En las dos generaciones que la preceden, se anudan los apellidos Anchorena, Marcó del Pont, Basavilbaso, Drago, Nazar, Cárcano. Y Obligado, por supuesto. Porque cada vez que aterriza aquí, a la escritora Clara Obligado la memoria familiar se le aparece en nombres de calles y avenidas; en los billetes de veinte pesos que retratan la Vuelta de Obligado. O en el CCK, edificio imaginado por su antepasado Ramón José Cárcano; en la plaza Pedro Miguel Obligado; en el poema Santos Vega, uno de los clásicos de la literatura gauchesca, escrito por su bisabuelo Rafael; en la “Marcha a las Malvinas” (aquella de Tras su manto de neblinas, no las hemos de olvidar), que no fue encargada por la junta militar sino compuesta en 1940 por su abuelo Carlos de Obligado –con música de José Tieri–. “Yo me fui de un lugar muy estable en el que siempre estuve incómoda”, concluye hoy.

Clara fue la anomalía en una estirpe que atraviesa (y que es atravesada por) la historia argentina. La que eligió moverse en los márgenes y optó por la militancia cuando se esperaba de ella que paseara del ganchete de un marido connotado: en cierto modo, lo que heredó fue el mandato de ruptura cultural de los años 60.

“Pertenezco a un mundo que, de alguna manera, terminó.
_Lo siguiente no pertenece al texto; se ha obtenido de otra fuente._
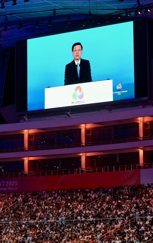 擔任十五運會組委會執行主任的香港行政長官李家超在開幕式上致辭,他表示這是香港回歸祖國以來,首次以承辦城市身分參與全運會,感謝中央的信任,本屆首次由粵港澳三地共同承辦,充分體現國家對大灣區協同發展的堅定支持,更是香港融入國家發展大局的體現,意義重大、影響深遠。

Nuestros padres no esperaban nada de sus hijas, solo que nos casáramos bien. Eran familias muy numerosas, donde no había proyecto”, dice a Ñ desde un pueblo de Extremadura donde está leyendo los manuscritos finalistas del Premio Clarín Novela, del que vuelve a ser jurado. Vive en España desde que se exilió en 1976.